Asia Shcherbakova [55:20]:
But you’re saying, you’re saying that you are… you ARE the performer for yourself, right? So this art, It’s not for somebody else. It’s just you leave and you experience your life as a coherent work of art, and you are the sole observer, essentially, of that form of art. And you talk to another person who is a historian. And he also had a certain sense of “acting into the world” and experiencing their life as a coherent, a work of art. Right? So in this sense, it seems like you don’t really have to prove to anybody that you are in this state. I mean, of course you could lie to me that you have this state, right? But I don’t think you are lying, right?
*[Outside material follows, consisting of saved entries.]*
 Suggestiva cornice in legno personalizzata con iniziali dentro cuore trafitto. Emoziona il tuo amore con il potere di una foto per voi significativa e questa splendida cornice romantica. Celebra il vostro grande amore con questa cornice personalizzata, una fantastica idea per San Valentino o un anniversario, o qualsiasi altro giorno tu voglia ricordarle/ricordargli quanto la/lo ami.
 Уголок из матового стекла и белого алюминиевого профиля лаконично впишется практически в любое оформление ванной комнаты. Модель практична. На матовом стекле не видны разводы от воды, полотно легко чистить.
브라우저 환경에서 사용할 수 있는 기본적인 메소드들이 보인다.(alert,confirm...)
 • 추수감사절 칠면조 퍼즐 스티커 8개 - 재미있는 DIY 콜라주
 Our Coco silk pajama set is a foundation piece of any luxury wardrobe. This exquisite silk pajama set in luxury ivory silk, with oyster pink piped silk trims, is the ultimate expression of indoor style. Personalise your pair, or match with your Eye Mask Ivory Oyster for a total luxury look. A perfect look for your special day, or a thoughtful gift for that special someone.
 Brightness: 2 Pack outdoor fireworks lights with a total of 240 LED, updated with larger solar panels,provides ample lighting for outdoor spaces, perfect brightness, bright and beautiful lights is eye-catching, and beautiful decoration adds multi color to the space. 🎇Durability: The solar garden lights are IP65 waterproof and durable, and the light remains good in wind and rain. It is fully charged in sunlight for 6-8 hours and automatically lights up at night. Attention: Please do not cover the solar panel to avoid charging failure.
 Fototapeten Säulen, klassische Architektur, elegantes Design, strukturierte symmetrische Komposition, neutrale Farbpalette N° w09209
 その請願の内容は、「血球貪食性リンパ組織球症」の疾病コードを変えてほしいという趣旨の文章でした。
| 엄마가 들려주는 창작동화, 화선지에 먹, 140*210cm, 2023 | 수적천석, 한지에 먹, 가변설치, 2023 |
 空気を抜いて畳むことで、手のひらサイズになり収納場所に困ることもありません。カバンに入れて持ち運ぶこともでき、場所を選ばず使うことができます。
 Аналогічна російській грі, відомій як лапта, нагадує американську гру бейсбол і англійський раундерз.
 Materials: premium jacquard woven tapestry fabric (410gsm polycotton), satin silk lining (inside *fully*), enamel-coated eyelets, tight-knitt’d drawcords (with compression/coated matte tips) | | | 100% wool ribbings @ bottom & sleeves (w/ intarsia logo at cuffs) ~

But somehow it seems like, I don’t know… I think it’s a really good state, isn’t it? To be at a stage of your life where you can say that your life is like a work of art, right? So it’s not balanced maybe. But there is this sense of coherence. But…
Johanna Calderon [56:24]:
But you know… I did it many, many years of psychotherapy. Okay? At the end of that yes, I understood many things about the chaotic things and out-of-control things in my life. Some things happened in my past, But I was not present, I was just there and things happened. Really bad things happen. And at the end of all of that, and many years later, and after talking hours and hours with a psychotherapist, I understood that I was like, I don’t know, in another place. My mind was in another place, and I was just the body and things happened, and I was like, okay, you know, accepting. That there were things that they were not coherent with myself. I was like, betraying myself. I was not with myself. You know, and, so many bad things happen. That’s life. And you have to learn perhaps like this.
Asia Shcherbakova [57:42]:
So for you personally, you feel that psychotherapy was also important in order to find that state where you are right now.
Johanna Calderon [57:43]:
Yeah, absolutely. And it was like, really deep crisis in my life. So I had health problems. And that was the bottom of everything. So after that, like, okay, what is the light at the end of the tunnel? And I had to do psychotherapy. Otherwise it is impossible. I mean, just to go from there. Well, so there are different tools,
Asia Shcherbakova [58:18]:
Well, so there are different tools…
Johanna Calderon [58:20]:
Different people…
Asia Shcherbakova [58:23]:
Different people need different tools at different times of their life.” And this is also why you are doing right now this work with people who have lived through trauma and has done trauma on others.
Johanna Calderon [58:35]:
Yeah. And I hope that I can just help a little bit or at least learn a little bit from them. That is the other option. Right. Yeah.
Asia Shcherbakova [58:49]:
I see. Well, I think I think we have touched on so many interesting topics. It was really great. Thank you so much.
Johanna Calderon [58:57]:
Thank you.
Asia Shcherbakova [58:59]:
Just really thank you so very much for putting things into words. I think it is so important because, look, this state that you described, I think it’s very important and it’s a really good place to be. But you only talk to one person in the past. Right. And now you talk to me about this. And I really hope that people who are going to be watching or listening, then they will also hear about that. Right? Okay. Although we don’t have a word for that state, I think it’s very interesting. And I can very much, I don’t know, relate to it.
Johanna Calderon [59:29]:
I’m glad to hear that. Thank you so much.